Spiritualism as a "New Religion"
Spiritualism as a "New Religion" is an article published in the Daily Express on 31 october 1916.
The article includes extract of the Arthur Conan Doyle article A New Revelation published in Light (4 november 1916).
Spiritualism as a "New Religion"

SIR A. CONAN DOYLE ON LIFE AFTER DEATH.
Sir Arthur Conan Doyle claims that we should now be at the close of the stage of investigation regarding spirit intercourse and beginning the period of religious construction. In the course of an article in "Light," he says that the phenomena which have been observed are confirmatory as to the life after death, the unhappy results of sin, "the existence of higher beings whom we may call angels,"
and the existence of the "Summer-land" or heaven.
"No trait of the form and no peculiarity of the mind are changed by death,"

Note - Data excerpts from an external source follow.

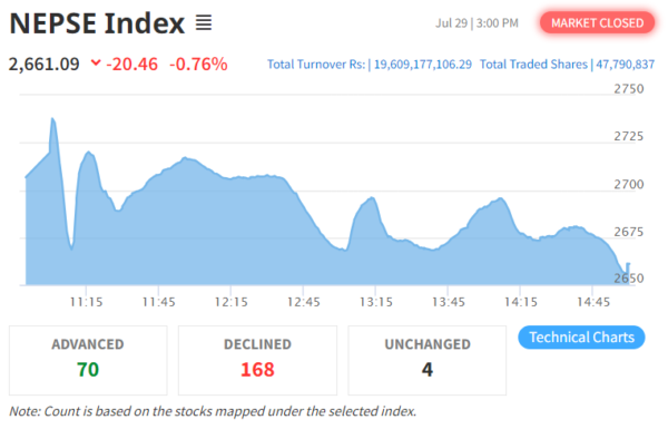 नेप्से सामान्य अंक घट्यो, कारोबार रकम भने बढ्यो
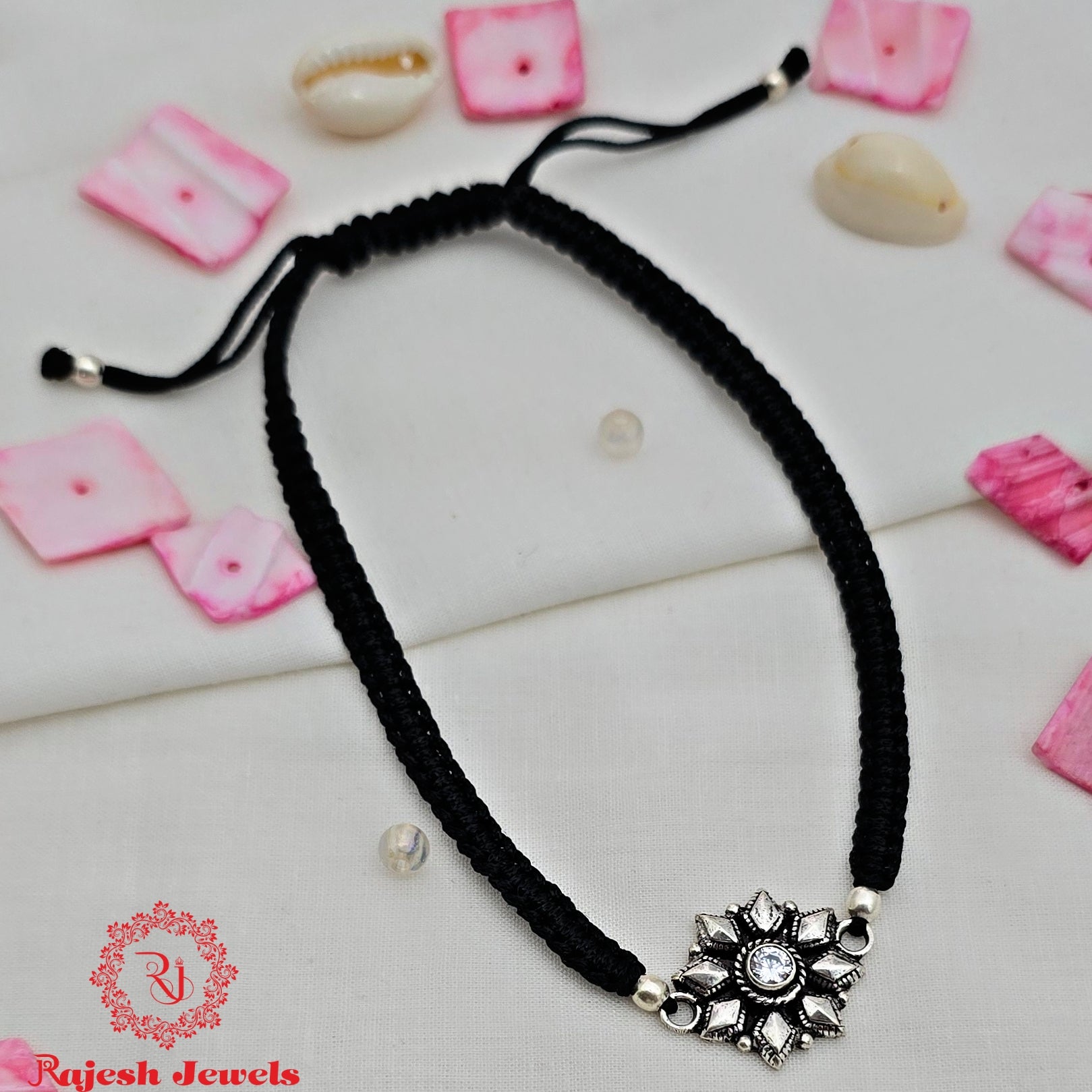 92.5 Pure Silver Oxidised Antique Finish Handmade Cutstone Nazariya Anklet
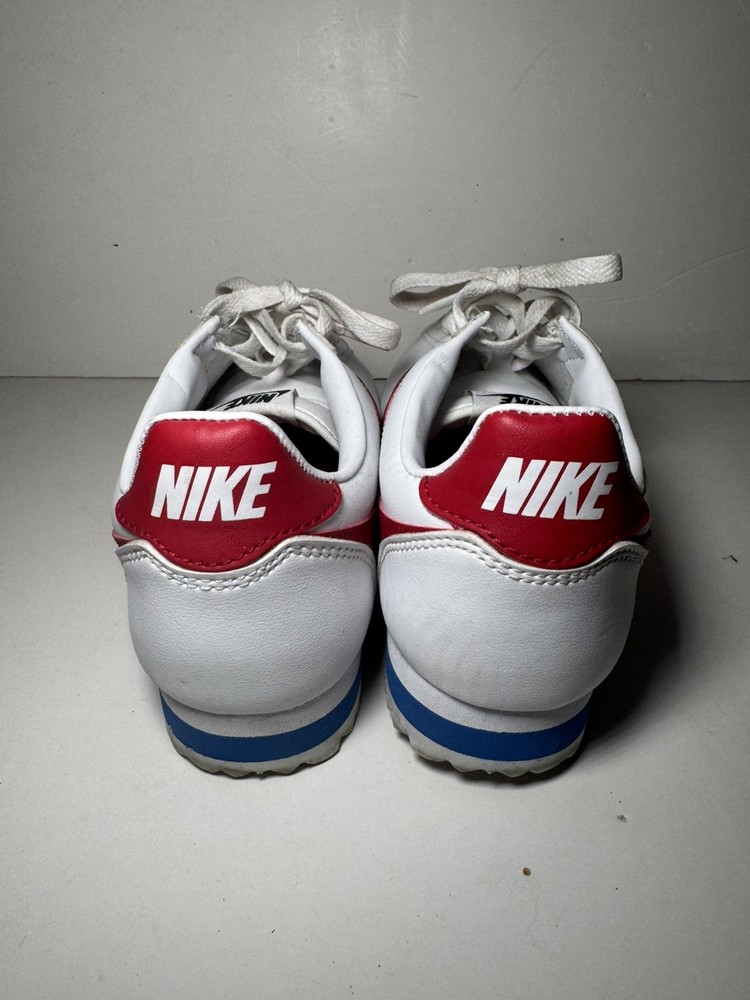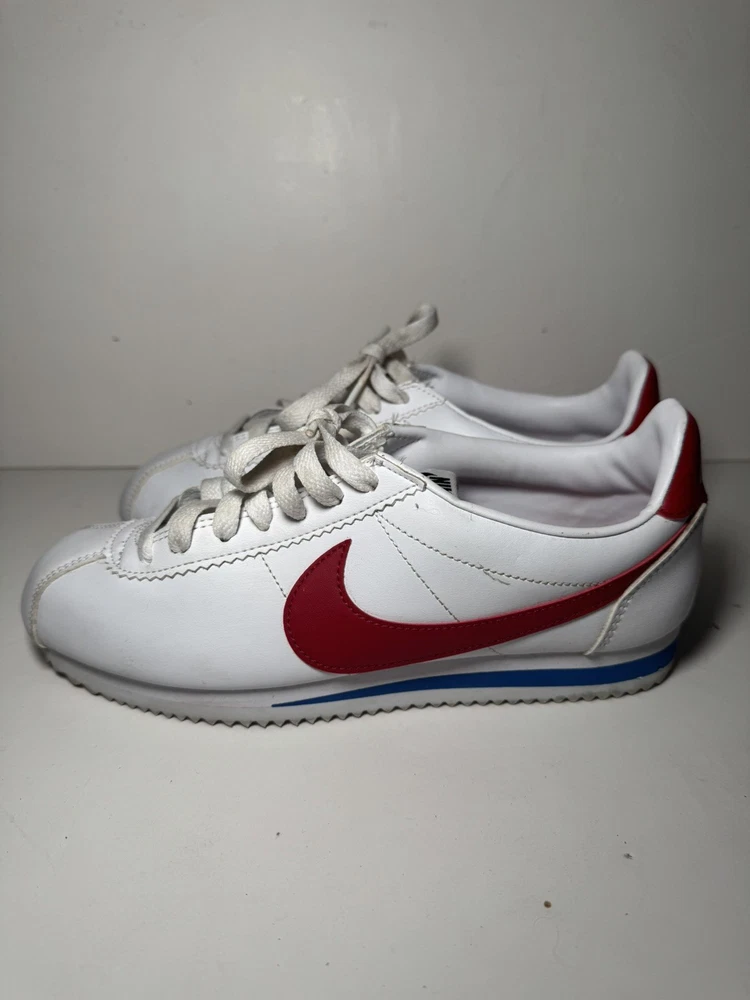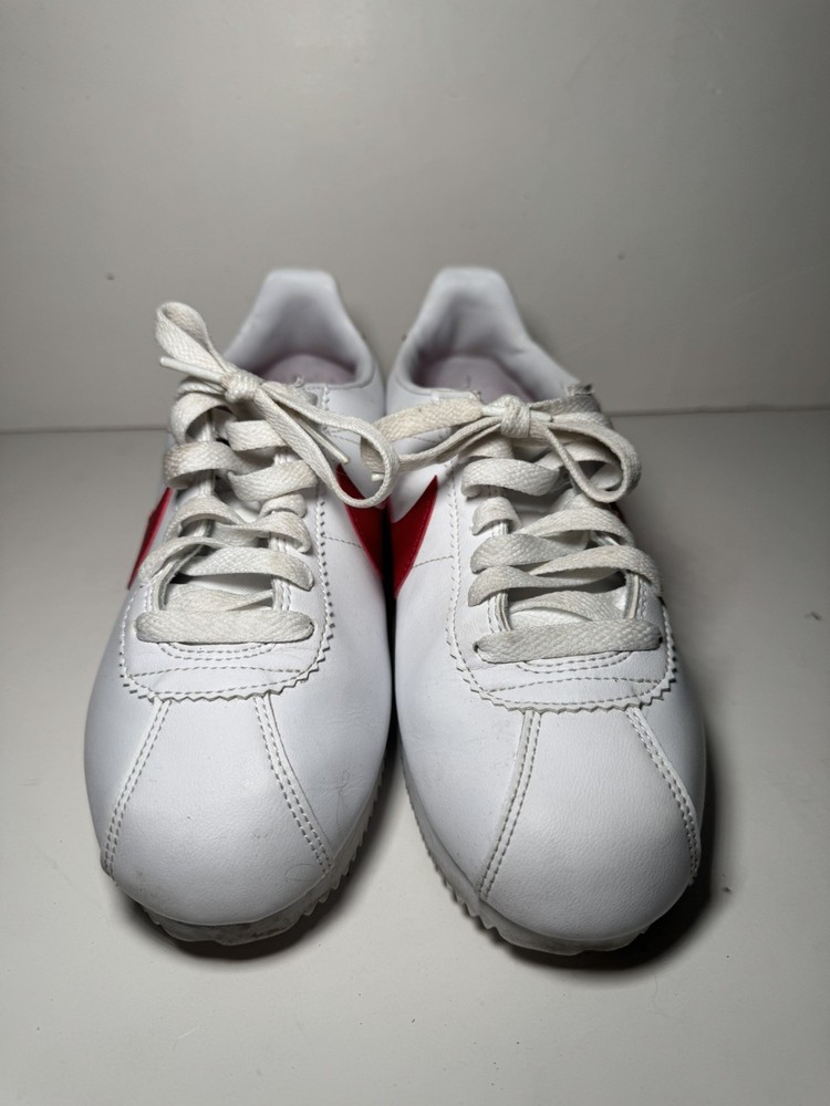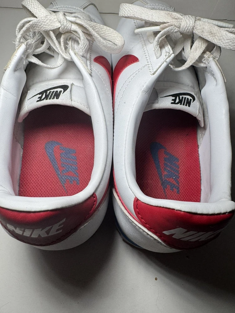 The Nike Cortez trainers in white with red and blue accents are a retro-inspired pair of shoes that pay homage to the iconic Nike Cortez model. Made with leather upper material and featuring a lace-up closure, these trainers are perfect for both activewear and casual occasions. With a comfortable design and standard shoe width, they are a stylish choice for anyone looking to add a touch of retro flair to their footwear collection. Perfect for gym and training activities, these Nike Cortez trainers are a stylish and functional addition to any wardrobe.
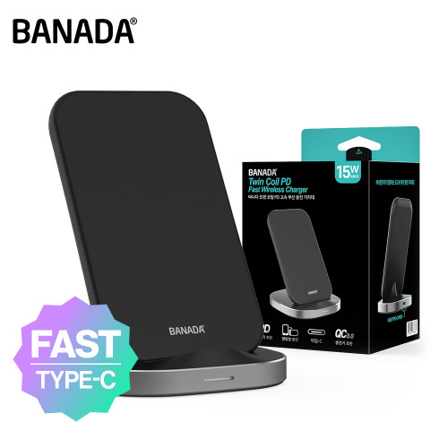 [바나다] 트윈코일 15W 고속무선충전 거치대 (PD충전기 지원) [BOX (x50EA)단위 구매가능]

says Sir Arthur, "but all are continued in that spiritual body which is the counterpart of the earthly one at its best, and still contains within it that core of spirit which is the very inner essence of the man."
Sir Arthur says that there are two alternatives in summing up the spiritual philosophy — either that an outbreak of lunacy has assailed men an women who are otherwise eminently sane, or that "in recent years there has come to us from divine sources a new revelation which constitutes by far the greatest religious event since the death of Christ (for the Reformation was a rearrangement of the old, not a revelation of the news, a revelation which alters the whole aspect of death and the fate of man."
Discussing whether communion is right, Sir Arthur says: "Personally I am not aware of any human power which has been given us without our having the right under any circumstances to use it.
"It is either an absurd farce or the most solemn and sacred of functions. But when one knows, as I know, of widows who are assured that they hear the loved voice once again, or of mothers whose hands, groping in the darkness, clasp once again those of the vanished child, and when one considers the loftiness of their intercourse and the serenity of spirit which succeeds it, I feel sure that a fuller knowledge would calm the doubt of the most scrupulous conscience.
"Men talk of a great religious revival after the war. Perhaps it is in this direction that it will be."